Nostalgic memories and carols aside, the holidays hurt for a lot uf us. I don't mean to sound like The Grinch Who Stole Christmas, but the heart still smarts from the myriad memories of Decembers past. There's a bittersweet taste to it, inspite of the tinkling refrain of silver bells, the innocent music box quality of it all. Oddly enough, in the merriest--and coldest night of the year--it becomes a flame cupped in one's hand. It warms.
In truth, beyond the merrymaking and feasts and festive lights, beyond the thrill of being with family and friends unwrapping gifts under the tree, a sadness dwells somewhere. Maybe I miss my childhood friends with whom I went caroling around; maybe I miss my grandmother who took me along to hear the midnight mass, a Christmas memory I still cherish after all these years. Maybe it's all that, and the cold light that tells me to snap out of it before I begin to sound like Scrooge, or worse.
There is no escaping it, nonetheless. Somehow or other, in spirit at least, one goes home for Christmas.
I can still see the table laden with native dishes, delicacies, candies; and
across the room the modest accoutrements of a way of life blessed with
simplicity and goodness. It wasn't much, but we were happy. On Christmas Eve my father sang along with my sisters gathered in the living room. They sang White Christmas, which made me look at the Christmas tree--a
pitiful replica, really, festooned with crepe paper, cotton balls and such.
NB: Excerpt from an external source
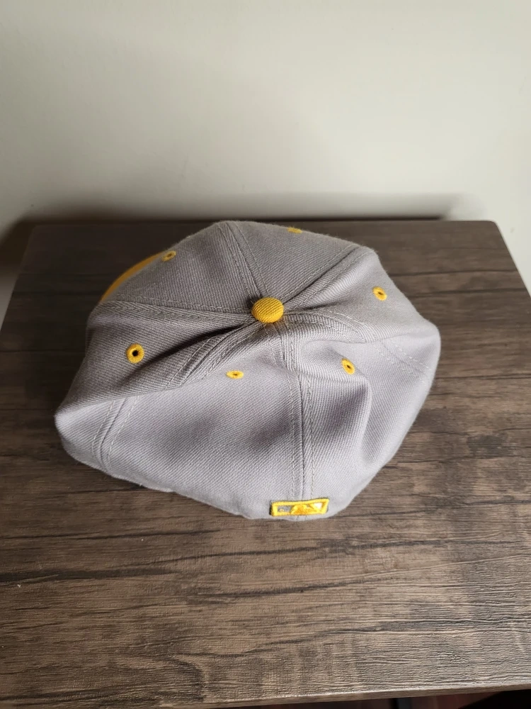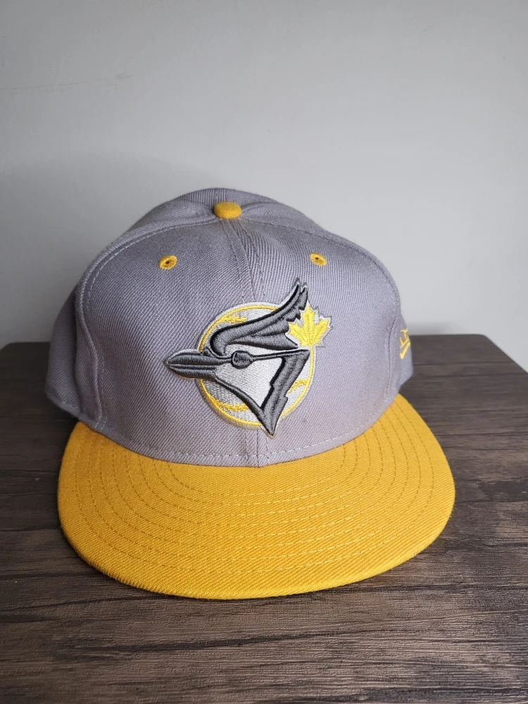 21Selling a New Era Toronto Blue Jays 59FIFTY fitted hat. It's a size 7 1/4 (57.7cm) and features a grey crown with a yellow brim. The hat is in great condition!

We didn't have toys or reindeers either, nor Jack Frost nipping at your
nose as the song goes. It didn't matter much, however. I thought of
my uncle and how he was doing in America. I thought of how
lucky he was to have a real white Christmas--unlike ours
with its fake snow--but wondered if he was anywhere
close to being happy as we were.
Years later, when I emigrated to America, I found him in one of
the farmlands of California, an old man living--in the words of
Charles Dickens--"the silent gliding on of existence," virtually alone in a far and foreign country.
During the holidays I think of Vintar--and my uncle. I wonder what Christmas meant to him, what memories he kept in his heart before he died. I guess this explains why sometimes the season gives me pause, even as the voices ring once more, clear and cold as the stars that shone down our street in Vintar in that long-ago December.
--Above thy deep and dreamless sleep, the silent stars go by...
In the merriest--and coldest night of the year--it is like a flame cupped in one's hand. It warms. Naimbag a Paskuayo amin!